Last update of the drawing 2019/08 (Cf. GUESSmyLT):
Original post:
I tried to review the meanings of the different RNA-seq library types because it's often confusing and hard to understand/know what they are despite their importance in downstream analyses.
I would be glad to get some comment/correction/criticims and complementary information, to make the resource the most exhaustive as possible. Given the numerous question about RNA-seq library type I found on internet I'm sure this small contribution could be useful not only for me but for a broad audience.
Here are nice resources amongst others I found by googling:
- https://bioinformatics.uconn.edu/reference-based-rna-seq-data-analysis/#
- https://github.com/igordot/genomics/blob/master/notes/rna-seq-strand.md
- https://chipster.csc.fi/manual/library-type-summary.html
- https://galaxyproject.org/tutorials/rb_rnaseq/
- https://dbrg77.wordpress.com/2015/03/20/library-type-option-in-the-tuxedo-suite/
- http://onetipperday.sterding.com/2012/07/how-to-tell-which-library-type-to-use.html
- https://sailfish.readthedocs.io/en/master/library_type.html
- https://rnaseq.uoregon.edu
- http://seqanswers.com/forums/showthread.php?t=6317
I summarised the result in these figures:
And here is the few information I found about which technologies produces them:
--fr
orientation are produced using the Illumina paired end protocol.
--fr-firststrand
dUTP, NSR, NNSR
--fr-secondstrand
Ligation, Starndard SOLiD
--rf
orientation are produced using the Illumina mate-pair protocol.
--ff
orientation are produced in using the SOLiD mate-pair protocol. It also the case for Roche 454 paired-end libraries (these are called paired-end, but are based on the same principles as the mate-pair libraries)
Extra information not necessarily obvious for everybody:
f
mean forward and r
reverse. Consequently --fr
means forward reverse and --rf
means reverse forward.
Trinity doesn't use the same referrntiel (it uses the DNA) so RF
corresponds to fr-firststrand
and FR
to fr-secondstrand
.
@igor has a nice summary here: https://github.com/igordot/genomics/blob/master/notes/rna-seq-strand.md
that too is a good start, just does not explain what one sees in say IGV
Wondering why these schemes (Igor's) end with a PCR reaction. If you do a PCR before loading the sequenced into a massive sequencer, you lose the stranded information, so I believe these are sort of confusing
In addition.. I believe Igor's schemes are not right.
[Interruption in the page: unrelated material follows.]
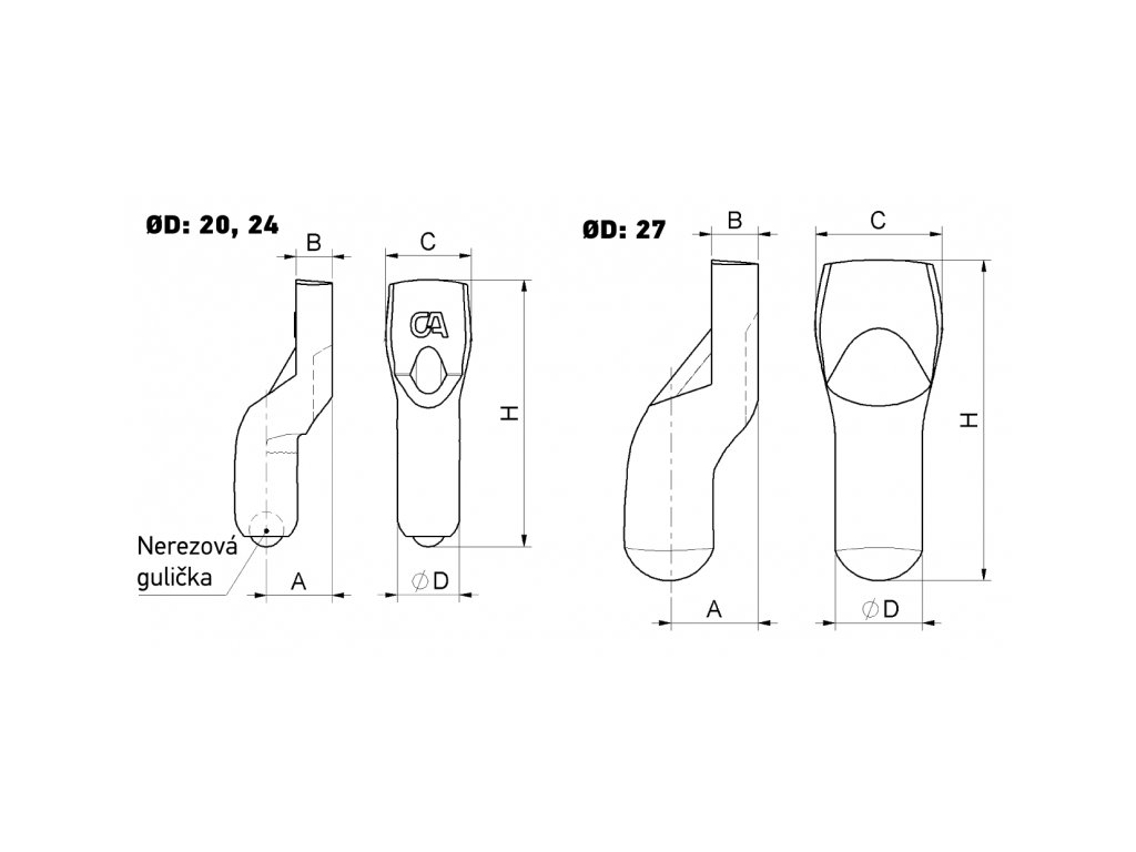 Pro svařování. Spodní závěs. Kulička z nerezové oceli.
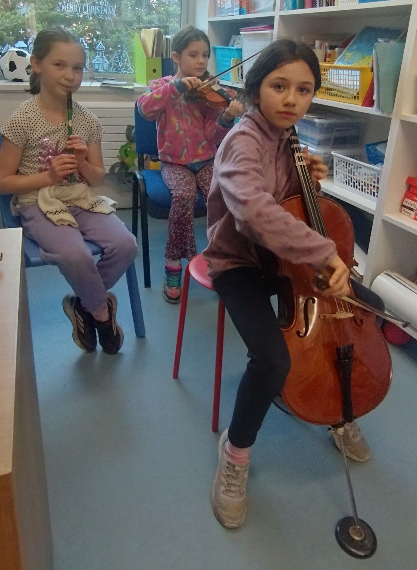 New ParagrapSadie, Eira and Juno from Lisa's 2nd class practising their piece for Grandparent's Day. Grandparents will be in for a treat.

In the dUTP method it ends with a fragment orange at the left and blue at the right, when it actually reproduces the same original sequence
I am happy that you took on this, but in my opinion, the explanation is still a bit too complicated. Too many things going on at once.
I would explain this from the point of view of the transcript alone. Your first image is the DNA, that complicates the concept in my opinion. The second problem is that you are also discussing it as a paired-end protocol, this also adds to the complexity.
The DNA complicates the concept, but in the same time it allows avoiding to add extra explanation about how the resulting reads map when we align because this information (maybe not obvious) is already present.
This is a nice summary. Here are a few suggestions:
The
AAAAAA
is relevant because of the fragmentation, right? If there was no fragmentation you'd never hit into that region (based on short reads).But you bring up a great point - the explanations above appear to suggest that all reads will map to the start of the transcript. But because of fragmentation, this is not how it works.
It is hard to explain this properly actually - and I am happy to see this effort to clarify the terminology.
Yes, what I actually meant is that you will not (usually) reverse-transcribe the full mRNA from the 5' end to the 3' end. So sometimes you will have the poly-A in your fragment, but not always. This is much clearer in the revision now.